Important Considerations

  1. Chunk Size: docling should be configured to produce text chunks of a reasonable size. Very long chunks can lose semantic detail, while very short chunks might lack context. A good starting point is around 200-500 words per chunk. This also ensures you don’t exceed the token limit for the Gemini embedding model.
  2. Cost Management: Every call to the Gemini API will incur a cost. Batching significantly reduces the number of requests but the cost is based on the total number of tokens processed. Monitor your usage in the Google AI Platform dashboard.
  3. Rate Limiting & Error Handling: The Gemini API has rate limits (e.g., requests per minute). The client library may throw exceptions when these limits are hit. Because this code runs in a Laravel Job, Laravel’s queue system will automatically retry the job based on your queue configuration (e.g., retry 3 times with an exponential backoff), which is perfect for handling temporary rate limiting or network issues.
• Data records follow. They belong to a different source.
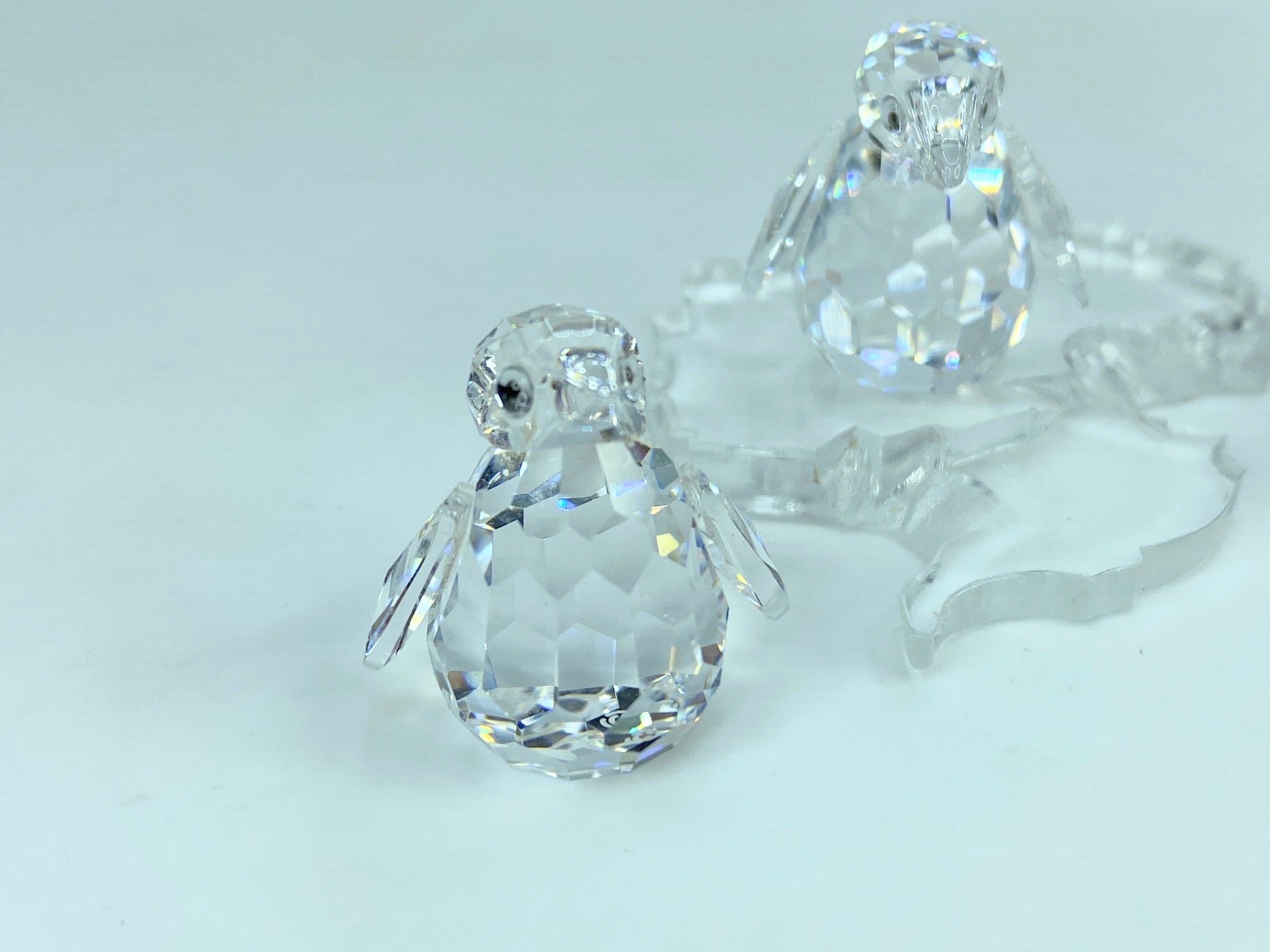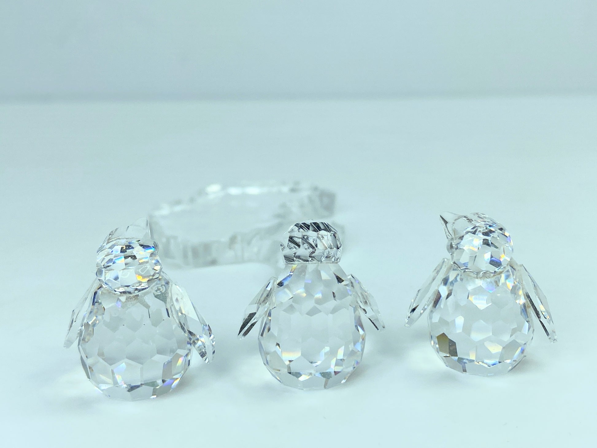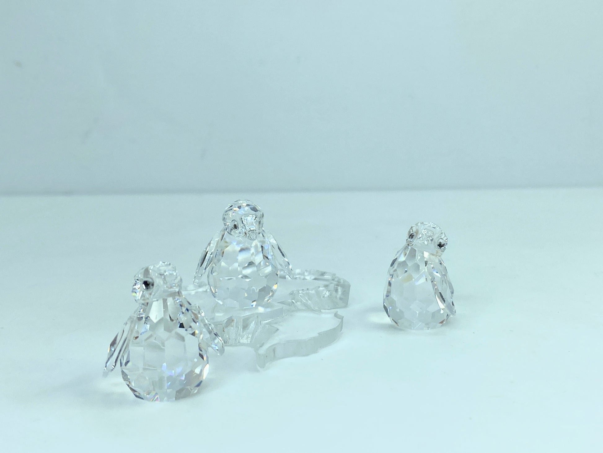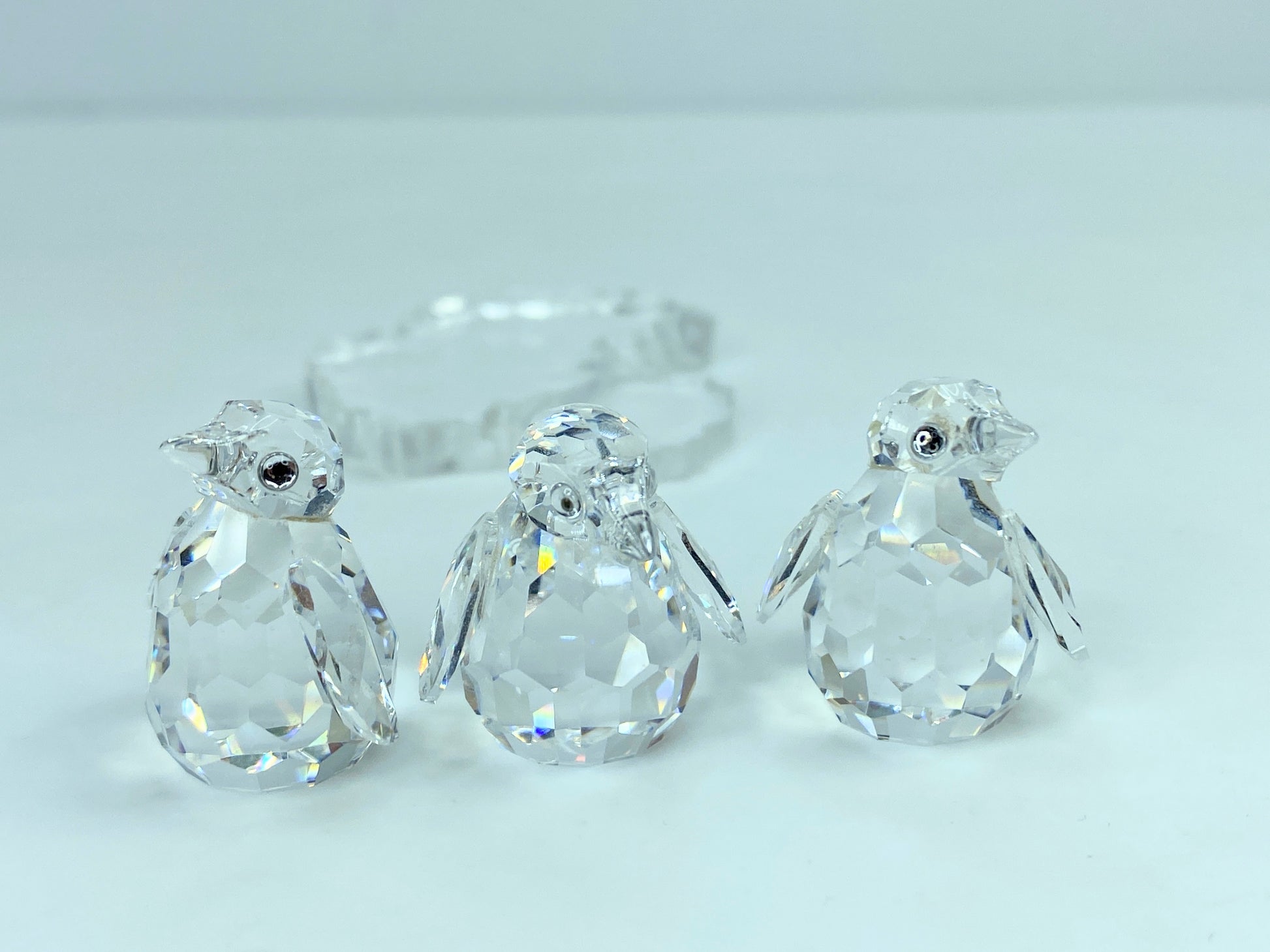 The set of three baby penguins that waddle around on the South Pole is made of clear faceted crystal with Jet crystal eyes. They come with a plastic base shaped like the Antarctic continent.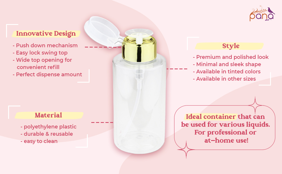 • هذه الزجاجة مناسبة للاستخدام الشخصي والمهني. ضع في اعتبارك أن موزع السائل هذا لا يستخدم للأسيتون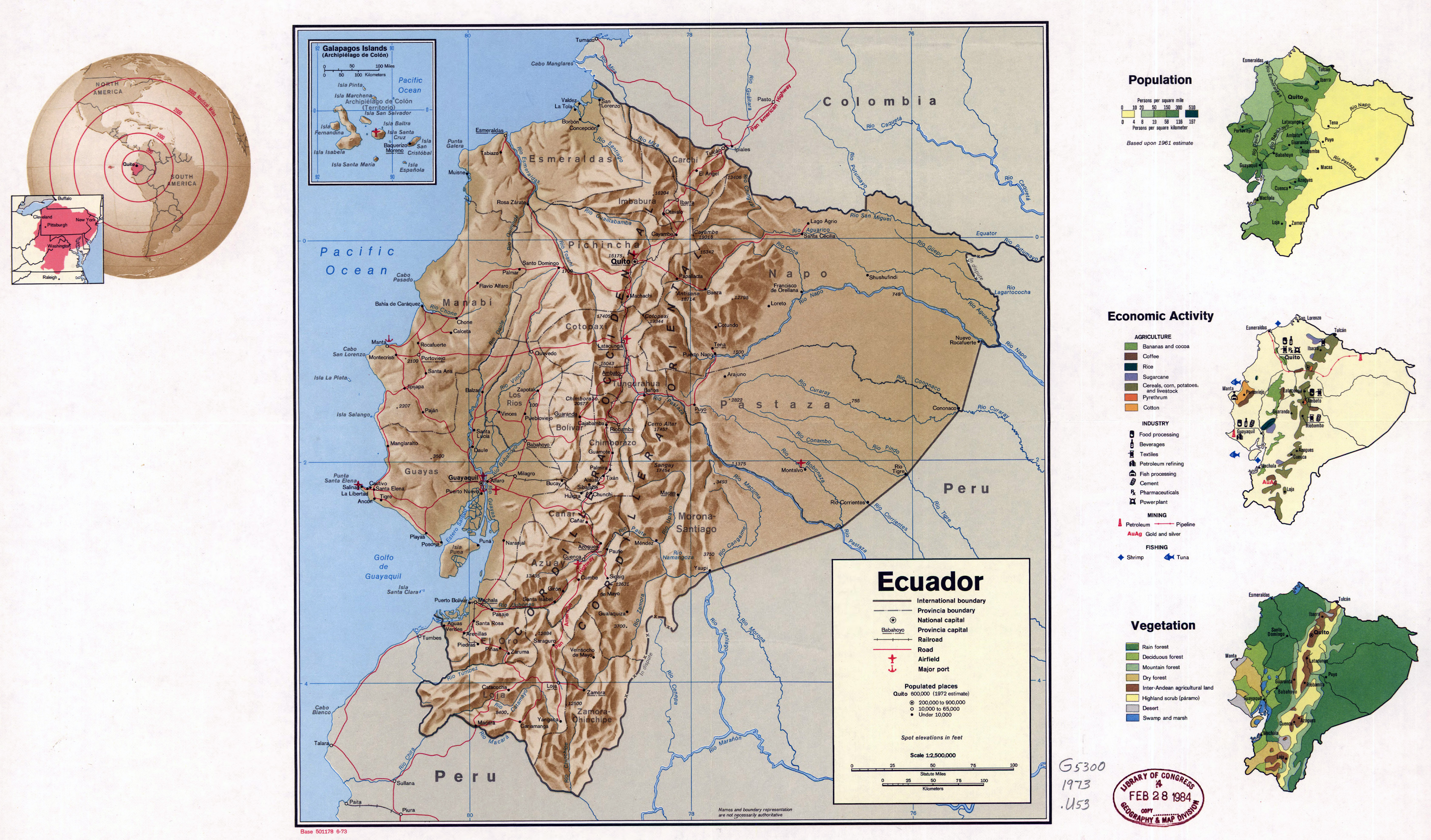 Рельеф, показанный затенением и точечными высотами. Включает в себя вкладку «Галапагосские острова (Archipiélago de Colón)», сравнительную карту местности, карту местности с радиальными расстояниями и тематические карты «Население», «Экономическая активность» и «Растительность».

  4. Database Connection: Ensure your config/database.php has a separate connection configured for Supabase. This allows you to use Laravel’s standard DB facade while keeping your main app’s database separate.
// config/database.php
'connections' => [
    // ... your default mysql/pgsql connection
    'supabase' => [
        'driver' => 'pgsql',
        'host' => env('SUPABASE_DB_HOST'),
        'port' => env('SUPABASE_DB_PORT'),
        'database' => env('SUPABASE_DB_DATABASE'),
        'username' => env('SUPABASE_DB_USERNAME'),
        'password' => env('SUPABASE_DB_PASSWORD'),
        'charset' => 'utf8',
        'prefix' => '',
        'schema' => 'public',
        'sslmode' => 'prefer',
    ],
]
This detailed approach provides a robust, efficient, and maintainable way to integrate a powerful external AI service directly into your Laravel application’s asynchronous workflow.